During early phases of cell division, nuclear identity is lost and regained towards the end of the cell cycle, i.e. the telophase. Disappearance and reappearance of the nuclear envelope (NE) during cell cycle is controlled by intermediate filament phosphoprotein called lamin. Lamins are an integral part of the nuclear matrix and are apposed to the inner nuclear membrane [7]. For this dynamic behavior of NE many explanations have been proposed by various workers, however; no precise mechanism has been unified so far. Any mishap during this long and complicated, yet not well understood process of lamin polymerization can become the root cause of cellular pathogenesis [17].

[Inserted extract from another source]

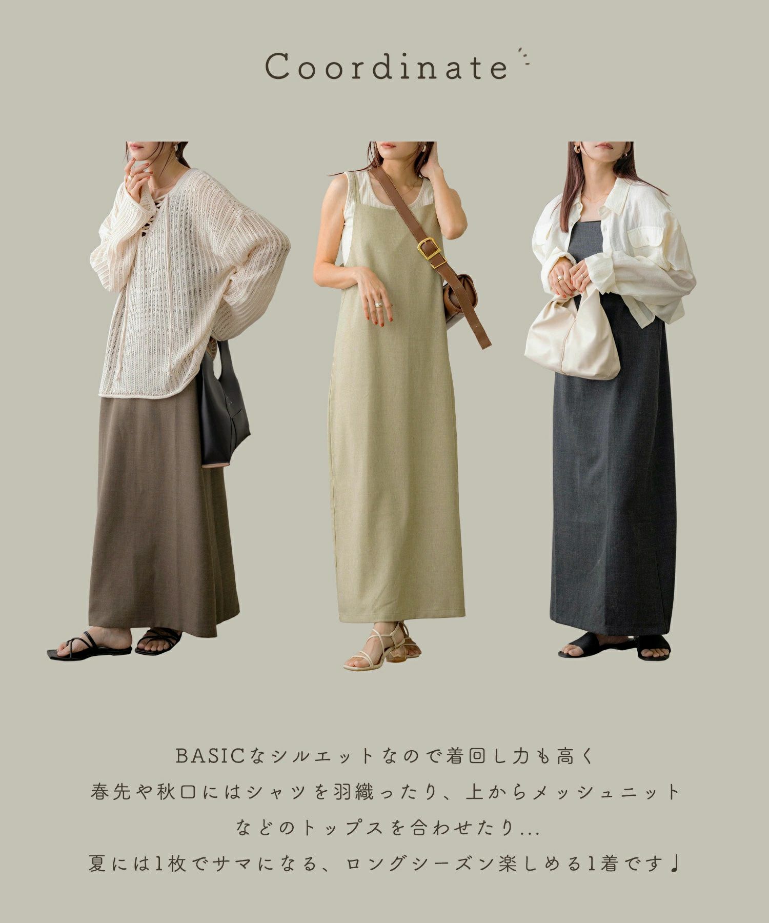 シンプルなシルエットながらも、春らしくNOAHLらしいニュアンスカラーにMIX感がコーディネートを華やかに見せてくれます♪すとんと落ち感のある素材がきれいなIラインシルエットを造りすっきり見せつつ、タイトすぎないので気負わず着られます◎BASICなデザインなので、中にインナーを合わせたり、シャツやジャケットを上から羽織ったり、幅広いスタイリングができ、着回し力の高いワンピースです。アシンメトリーなストラップは調節が可能で低身長さんから高身長さんまで好みの丈感で着ていただけます♪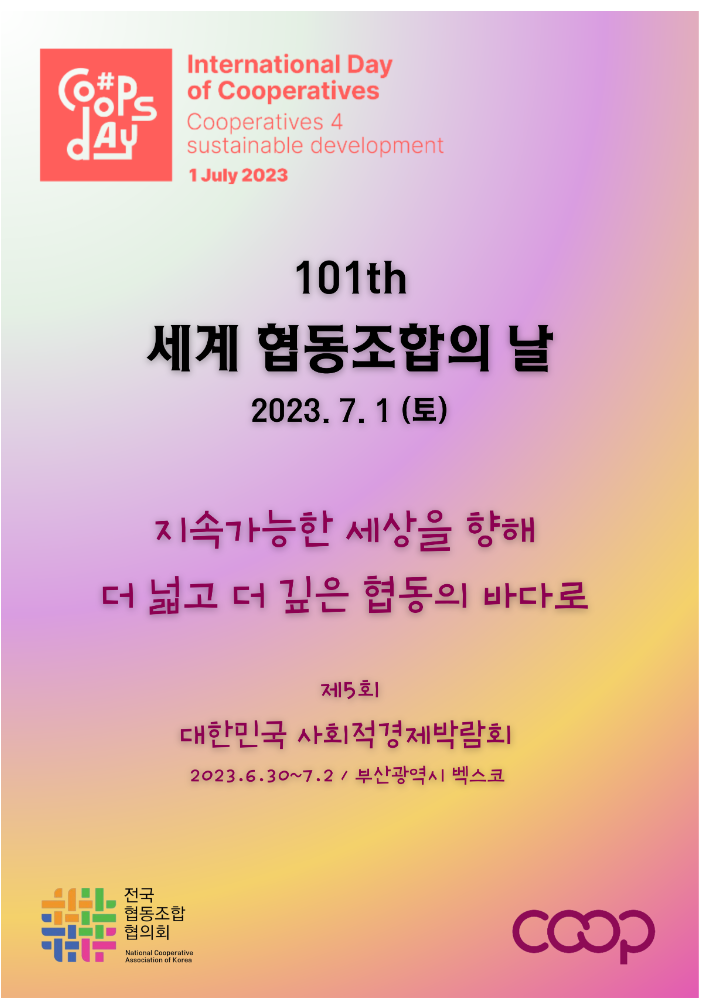 오는 7월 1일, 토요일은 101번째 세계 협동조합의 날입니다. (매년 7월 첫번째 토요일) 특히, 올해 세계 협동조합의 날은 "지속가능한 세상을 향해 더 넓고 더 깊은 협동의 바다로" 상상하고 협동하며 행동하는 협동조합의 사회적 역할에 주목하고 있습니다.

A group of cellular enzymes enter the interphase nucleus and are most likely responsible for the cell cycle events. Protein phosphatase 1 (PP1), a Ser/Thr phosphatase, is the key enzyme responsible for dephosphorylation of lamins in the cell nucleus.

Dephosphorylation of lamins is essential at the right event in the normal direction [21]. Any deregulation in this phosphorylation-dependent polymerization process may lead to pathogenesis[see review 20].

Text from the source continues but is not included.